Today in Burn It All Down News, Amazon MGM Studios has dropped Luca Guadagnino’s upcoming film about Sam Altman and OpenAI. The news first broke Friday via Puck, and The Hollywood Reporter confirms that not only has Amazon MGM dropped the film—the third from Guadagnino that they were set to release, following Challengers and After the Hunt—but that Netflix and Focus Features have also now passed on the film. I hate it here.

Guadagnino’s film is titled Artificial and is billed as a comedy-drama and a biopic. Andrew Garfield stars as OpenAI CEO Sam Altman; Monica Barbaro stars as CTO Mira Murati; Anora breakout Yura Borisov stars as Ilya Sutskever, a computer scientist who was part of the failed effort to oust Altman from Open AI; and Ike Barinholtz stars as Elon Musk, which you KNOW is going to be a devastatingly precise, scathingly mean performance. (Ike Barinholtz is severely underrated for the precision of his impressions and depth of his acting ability.) The film focuses on the tumultuous period in 2023 when Sam Altman was fired by the OpenAI board only to force his own rehiring days later.

This situation reminds me of Ali Abassi’s Donald Trump biopic, The Apprentice, which no one would touch with a ten-foot pole until an unlikely hero emerged in the form of Briarcliff Entertainment, which eventually released the film (it earned two Oscar nominations). Maybe Briarcliff will ride to the rescue once again? Earlier this year, they released Good Luck, Have Fun, Don’t Die, which is an AI critical film, too. But as of this writing, Artificial is still undistributed.

The problem is, of course, all of these companies are invested in AI and no one is going to risk looking like an idiot by releasing an AI-critical film while dumping tens of billions into various AI companies at the same time (NBC is invested here and here, Netflix here). In the case of Amazon MGM, it’s hard not to see Jeff Bezos’s fingerprints on the decision to dump the film. Studio boss Mike Hopkins delivered the news to Guadagnino and the film’s producers, but Amazon is the company invested directly with OpenAI (to the tune of $50 billion) and they announced a “strategic partnership” with OpenAI earlier this year. Sam Altman was also a guest at the Bezos Bozos wedding last summer.

I doubt it will ever be put so bluntly on the record, though. No one will want the direct confirmation of billionaire executive meddling in films like this. The official Amazon statement, attributed to no one in particular, is: “We have the utmost respect and admiration for Luca Guadagnino as an award-winning filmmaker — not to mention a longstanding relationship that we hope to continue.”

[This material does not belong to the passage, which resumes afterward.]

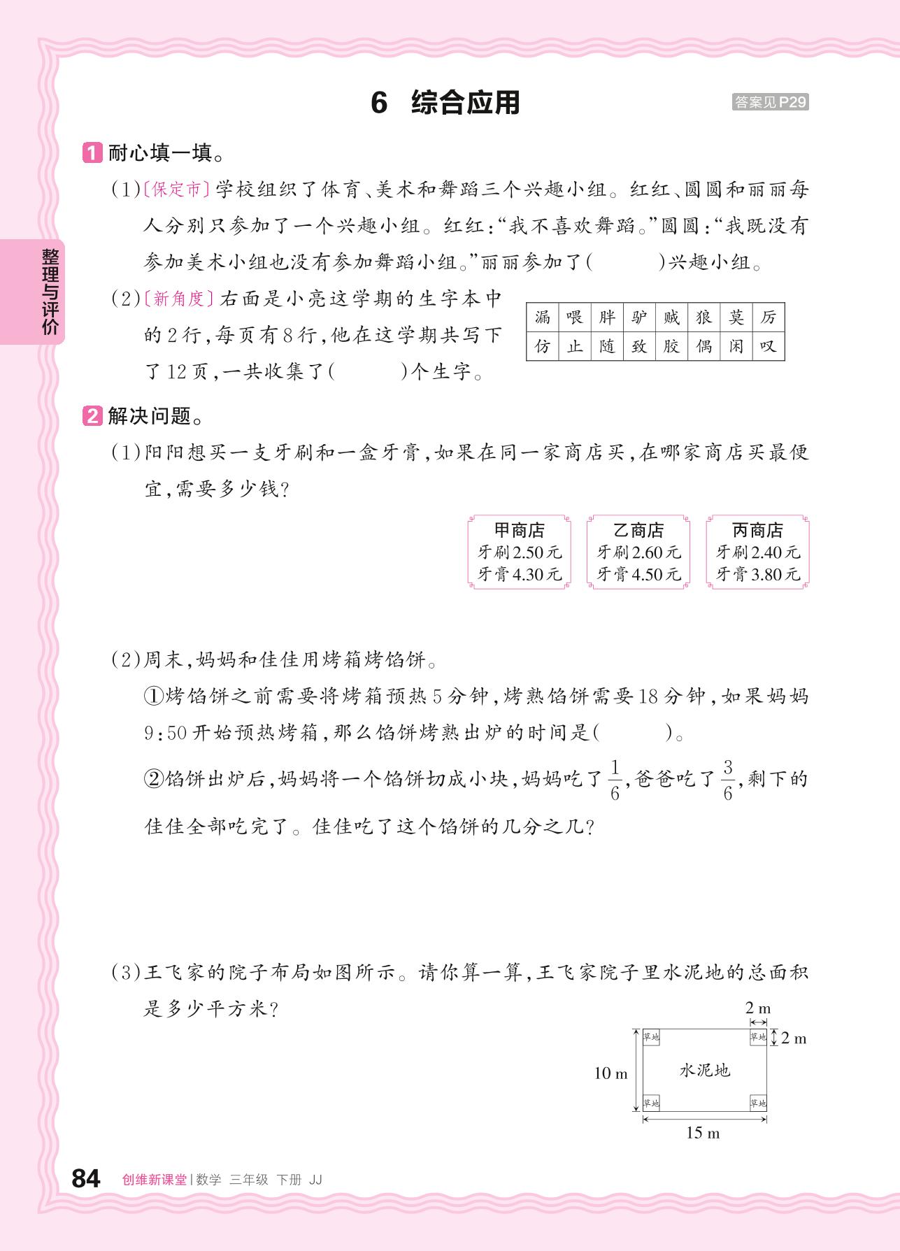 2024春下册三年级数学冀教版 整理与评价——6. 综合应用

Baby, I hope Luca Guadagnino loses your number and never picks up your call again. I hope other filmmakers back out of whatever deals they can or just stop taking meetings with you altogether. This should not be rewarded. This should be a warning shot to everyone in Hollywood that your work with Amazon MGM is entirely dependent on Jeff Bezos’s investments.

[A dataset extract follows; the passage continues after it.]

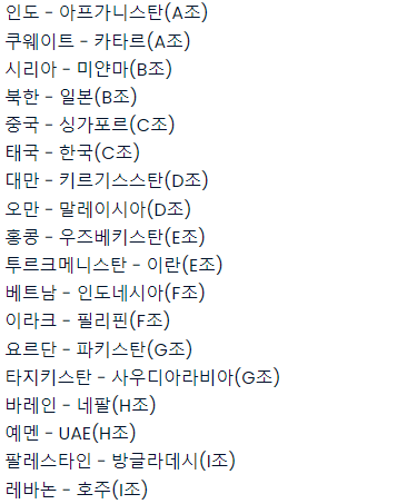 아시아 2차 예선은 4개국이 1조로 총 9개의 조로 구성되어 있습니다.

I’ve said it before in other contexts, but it works here, too. Filmmakers with any amount of pull, the ones who can set meetings across town and entertain rival offers to place their next projects, need to strike Amazon MGM off their list. The only message these people will ever hear is the message of money. Take your work and your box office elsewhere. One of the biggest power moves in the last half-decade is Christopher Nolan walking his projects across the street to Universal when he did not like a business decision made by a CEO. Warner Brothers has been groveling to get him back ever since, but he remains firm, working with Universal on Oppenheimer and The Odyssey, delivering them a billion dollars—it will be after The Odyssey’s opening weekend—while Warners can only watch and count lost revenue.

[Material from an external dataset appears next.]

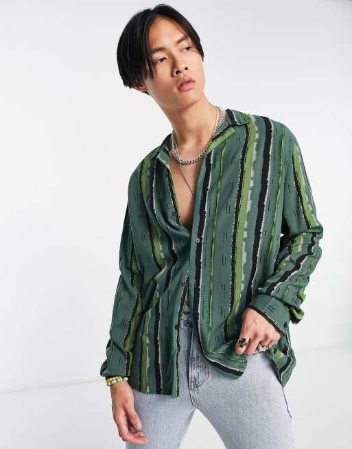 ASOS DESIGN relaxed revere shirt with painted style stripe in green

It’s the only message that matters. If you have the juice, take it elsewhere. Unless, of course, you’re in bed with Big AI, too, which we know a lot of actors and filmmakers are. But if you care about billionaires staying out of your business, skip the meeting at Amazon MGM. You’re not safe from interference if Jeff Bezos maybe probably thinks you’re being mean to his friends. WHY are these people so sensitive?! You have unfathomable wealth, many billions of dollars hundreds of times over, why do you care what we think of you?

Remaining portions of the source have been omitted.